Although we are building dynamic models on static FESEM images, we believe that this is a justifiable approach because the morphology of the nuclei are so distinct and can be correlated to well-established light microscopy (Baker et al., 1993) and TEM (Stafstrom and Staehelin, 1984) images of the stages of mitosis. Isolation, fixation and other procedures used for sample preparation probably have some effect on nuclear envelope and NPC structure but we believe that the changes observed do reflect the real dynamics of NE morphology during mitosis for each stage relative to the others.

In mid-interphase, most NPCs have a structure (Fig. 1) that is consistent with previously published FESEM images of NPCs (Goldberg and Allen, 1996; Kiseleva et al., 1998; Goldberg et al., 1997a). They have a diameter of ∼110 nm, a cytoplasmic ring consisting of eight subunits (Fig. 1d, yellow arrows), upon which are attached 20 nm cytoplasmic particles (Fig. 1d,e, blue arrows).

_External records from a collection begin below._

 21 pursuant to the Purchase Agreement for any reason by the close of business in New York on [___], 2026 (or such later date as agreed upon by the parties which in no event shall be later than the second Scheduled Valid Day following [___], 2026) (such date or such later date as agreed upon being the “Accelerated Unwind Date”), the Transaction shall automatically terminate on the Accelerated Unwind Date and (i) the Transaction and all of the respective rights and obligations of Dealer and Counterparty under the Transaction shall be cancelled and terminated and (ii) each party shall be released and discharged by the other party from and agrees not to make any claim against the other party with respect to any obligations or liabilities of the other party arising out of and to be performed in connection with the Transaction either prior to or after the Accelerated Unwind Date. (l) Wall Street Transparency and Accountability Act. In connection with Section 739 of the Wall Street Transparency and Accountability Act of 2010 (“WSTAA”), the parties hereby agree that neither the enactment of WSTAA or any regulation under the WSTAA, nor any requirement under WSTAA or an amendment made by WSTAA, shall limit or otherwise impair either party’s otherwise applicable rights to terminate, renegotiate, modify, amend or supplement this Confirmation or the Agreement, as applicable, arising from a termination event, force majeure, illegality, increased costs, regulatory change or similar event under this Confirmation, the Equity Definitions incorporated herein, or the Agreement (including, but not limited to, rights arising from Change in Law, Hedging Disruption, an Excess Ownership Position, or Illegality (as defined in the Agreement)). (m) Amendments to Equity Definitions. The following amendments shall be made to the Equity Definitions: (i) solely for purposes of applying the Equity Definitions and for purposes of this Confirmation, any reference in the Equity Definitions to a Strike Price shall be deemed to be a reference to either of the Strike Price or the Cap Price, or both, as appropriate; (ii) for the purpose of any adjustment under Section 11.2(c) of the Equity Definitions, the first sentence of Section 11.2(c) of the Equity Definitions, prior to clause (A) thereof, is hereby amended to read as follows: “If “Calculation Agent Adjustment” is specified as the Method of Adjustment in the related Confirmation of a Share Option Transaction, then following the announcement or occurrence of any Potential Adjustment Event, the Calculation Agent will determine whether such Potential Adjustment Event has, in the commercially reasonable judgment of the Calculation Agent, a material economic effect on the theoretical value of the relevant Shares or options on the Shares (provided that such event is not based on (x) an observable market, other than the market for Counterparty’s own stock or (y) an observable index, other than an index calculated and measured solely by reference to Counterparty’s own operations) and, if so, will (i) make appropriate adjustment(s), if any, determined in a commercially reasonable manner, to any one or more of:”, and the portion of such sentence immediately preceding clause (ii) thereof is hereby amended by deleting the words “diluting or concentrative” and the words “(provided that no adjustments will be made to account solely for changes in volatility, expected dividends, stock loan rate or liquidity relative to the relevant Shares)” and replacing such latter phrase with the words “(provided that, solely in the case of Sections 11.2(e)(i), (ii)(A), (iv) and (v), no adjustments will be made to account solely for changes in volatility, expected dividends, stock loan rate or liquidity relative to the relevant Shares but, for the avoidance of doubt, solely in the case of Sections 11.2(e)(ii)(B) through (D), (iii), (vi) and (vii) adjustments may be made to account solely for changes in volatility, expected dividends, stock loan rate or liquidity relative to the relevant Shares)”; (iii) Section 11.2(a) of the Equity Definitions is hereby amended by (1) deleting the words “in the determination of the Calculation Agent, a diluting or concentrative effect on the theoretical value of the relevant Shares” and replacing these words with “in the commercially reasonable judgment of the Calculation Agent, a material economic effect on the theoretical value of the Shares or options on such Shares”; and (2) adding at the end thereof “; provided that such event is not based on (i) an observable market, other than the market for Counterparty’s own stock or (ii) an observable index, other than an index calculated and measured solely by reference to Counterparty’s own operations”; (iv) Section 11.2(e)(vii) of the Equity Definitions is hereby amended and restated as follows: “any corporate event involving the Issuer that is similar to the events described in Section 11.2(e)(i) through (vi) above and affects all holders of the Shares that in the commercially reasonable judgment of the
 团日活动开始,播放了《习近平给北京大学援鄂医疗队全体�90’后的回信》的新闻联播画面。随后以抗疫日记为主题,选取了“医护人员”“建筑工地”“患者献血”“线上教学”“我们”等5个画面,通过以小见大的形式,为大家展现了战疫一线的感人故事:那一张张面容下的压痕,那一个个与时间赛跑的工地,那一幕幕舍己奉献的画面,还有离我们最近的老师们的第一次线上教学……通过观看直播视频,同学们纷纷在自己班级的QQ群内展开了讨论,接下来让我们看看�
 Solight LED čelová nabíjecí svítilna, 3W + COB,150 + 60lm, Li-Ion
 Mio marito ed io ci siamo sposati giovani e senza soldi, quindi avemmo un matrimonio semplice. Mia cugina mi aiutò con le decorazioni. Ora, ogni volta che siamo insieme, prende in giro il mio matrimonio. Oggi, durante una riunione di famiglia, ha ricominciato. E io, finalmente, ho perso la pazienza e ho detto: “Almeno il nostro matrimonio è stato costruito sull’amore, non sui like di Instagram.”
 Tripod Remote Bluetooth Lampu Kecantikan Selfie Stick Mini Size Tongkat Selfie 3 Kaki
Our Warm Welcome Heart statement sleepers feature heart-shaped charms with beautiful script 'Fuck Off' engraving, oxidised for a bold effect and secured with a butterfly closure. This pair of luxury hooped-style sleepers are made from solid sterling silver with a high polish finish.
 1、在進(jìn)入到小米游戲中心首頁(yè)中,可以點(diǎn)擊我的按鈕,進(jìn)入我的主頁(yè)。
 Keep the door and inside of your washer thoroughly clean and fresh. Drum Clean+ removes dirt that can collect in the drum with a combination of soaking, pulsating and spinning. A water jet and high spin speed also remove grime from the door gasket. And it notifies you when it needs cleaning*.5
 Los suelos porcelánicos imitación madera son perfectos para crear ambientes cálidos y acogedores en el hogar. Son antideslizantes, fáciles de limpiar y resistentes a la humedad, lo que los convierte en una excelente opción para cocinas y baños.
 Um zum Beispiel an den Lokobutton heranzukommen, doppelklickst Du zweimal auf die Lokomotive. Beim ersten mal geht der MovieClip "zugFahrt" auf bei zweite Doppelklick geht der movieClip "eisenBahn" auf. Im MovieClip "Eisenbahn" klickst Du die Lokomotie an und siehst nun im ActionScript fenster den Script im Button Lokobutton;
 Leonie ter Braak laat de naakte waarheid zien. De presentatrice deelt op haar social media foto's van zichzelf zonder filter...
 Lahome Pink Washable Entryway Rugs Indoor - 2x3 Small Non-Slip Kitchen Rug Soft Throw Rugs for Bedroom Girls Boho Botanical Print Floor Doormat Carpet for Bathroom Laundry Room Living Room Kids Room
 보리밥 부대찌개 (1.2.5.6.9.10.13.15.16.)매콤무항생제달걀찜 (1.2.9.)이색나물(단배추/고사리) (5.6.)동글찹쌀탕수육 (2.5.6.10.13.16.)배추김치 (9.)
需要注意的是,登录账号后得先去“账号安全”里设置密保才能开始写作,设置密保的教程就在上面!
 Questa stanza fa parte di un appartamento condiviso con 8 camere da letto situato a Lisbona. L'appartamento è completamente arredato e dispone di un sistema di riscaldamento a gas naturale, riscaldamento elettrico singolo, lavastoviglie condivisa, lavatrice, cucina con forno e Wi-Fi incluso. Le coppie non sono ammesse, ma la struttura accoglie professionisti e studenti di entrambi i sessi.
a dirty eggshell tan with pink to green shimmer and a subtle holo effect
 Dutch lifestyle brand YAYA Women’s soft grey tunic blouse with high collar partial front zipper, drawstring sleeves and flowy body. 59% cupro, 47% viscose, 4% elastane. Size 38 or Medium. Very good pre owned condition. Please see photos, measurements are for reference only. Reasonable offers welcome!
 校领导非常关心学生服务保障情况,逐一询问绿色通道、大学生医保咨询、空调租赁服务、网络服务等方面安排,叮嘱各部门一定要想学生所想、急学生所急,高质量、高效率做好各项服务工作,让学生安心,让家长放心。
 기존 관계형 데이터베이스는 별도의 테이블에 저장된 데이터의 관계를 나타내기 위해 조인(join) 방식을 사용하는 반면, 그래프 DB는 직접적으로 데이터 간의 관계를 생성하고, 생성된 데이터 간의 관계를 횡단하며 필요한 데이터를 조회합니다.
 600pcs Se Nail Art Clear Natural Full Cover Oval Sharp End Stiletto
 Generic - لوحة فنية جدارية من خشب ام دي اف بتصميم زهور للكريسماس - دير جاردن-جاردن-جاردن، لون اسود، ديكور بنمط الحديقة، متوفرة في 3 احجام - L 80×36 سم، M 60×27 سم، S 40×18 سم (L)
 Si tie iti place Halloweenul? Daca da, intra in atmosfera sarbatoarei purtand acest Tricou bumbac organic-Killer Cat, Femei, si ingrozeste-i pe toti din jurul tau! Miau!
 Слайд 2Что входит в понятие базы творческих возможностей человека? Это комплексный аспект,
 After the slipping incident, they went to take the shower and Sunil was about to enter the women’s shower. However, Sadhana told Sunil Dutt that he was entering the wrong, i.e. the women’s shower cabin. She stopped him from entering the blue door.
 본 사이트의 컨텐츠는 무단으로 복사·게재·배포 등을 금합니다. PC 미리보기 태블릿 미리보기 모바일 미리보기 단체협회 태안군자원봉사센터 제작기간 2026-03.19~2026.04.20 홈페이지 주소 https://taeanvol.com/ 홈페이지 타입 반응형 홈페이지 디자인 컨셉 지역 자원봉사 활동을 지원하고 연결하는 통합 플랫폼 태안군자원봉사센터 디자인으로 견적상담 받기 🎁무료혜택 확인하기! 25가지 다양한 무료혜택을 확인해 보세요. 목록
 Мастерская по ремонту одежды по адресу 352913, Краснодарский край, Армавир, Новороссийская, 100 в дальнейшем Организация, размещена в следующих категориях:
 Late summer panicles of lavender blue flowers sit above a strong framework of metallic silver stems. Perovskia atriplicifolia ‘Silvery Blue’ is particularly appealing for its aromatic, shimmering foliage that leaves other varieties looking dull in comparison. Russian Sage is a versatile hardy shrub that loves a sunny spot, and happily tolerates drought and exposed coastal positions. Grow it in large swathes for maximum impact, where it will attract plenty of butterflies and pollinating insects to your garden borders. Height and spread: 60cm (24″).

The centre of the structure of mature NPCs is always filled with material, which is preserved or resolved to differing degrees. Sometimes, it appears as a diffuse mass (Fig. 1c), but never as an empty hole and, at high magnification, some details can sometimes be discerned (Fig. 1d,e). This appears to be consistent with our previously published images of Xenopus oocyte NPCs. Fig. 1g shows a typical example of a Xenopus NPC, in which there is a central mass (pink arrow) at the level of the cytoplasmic ring with radiating filaments (red arrows) that attach this mass to the cytoplasmic ring subunits. These filaments were termed the internal filaments, which we described previously in Xenopus (Goldberg and Allen, 1996), Chironomus (Kiseleva et al., 1998), birds (Goldberg et al., 1997b) and fish (Allen et al., 1998), and we believe they attach to the top of the transporter. Images of Drosophila NPCs show what appears to be a similar central mass (Fig. 1d,f, pink arrows) and we see evidence that is suggestive of the radiating internal filaments (red arrows). It should be noted that the central transporter remains a controversial structure and the images presented here do not confirm its existence beyond what has been previously shown. The central material could be interpreted as material moving through the central channel (e.g. transport complexes or possibly mobile NPC components), which would account for its variable appearance. The variability could also be due to the structural dynamics of the transporter (Akey, 1990; Kiseleva et al., 1998).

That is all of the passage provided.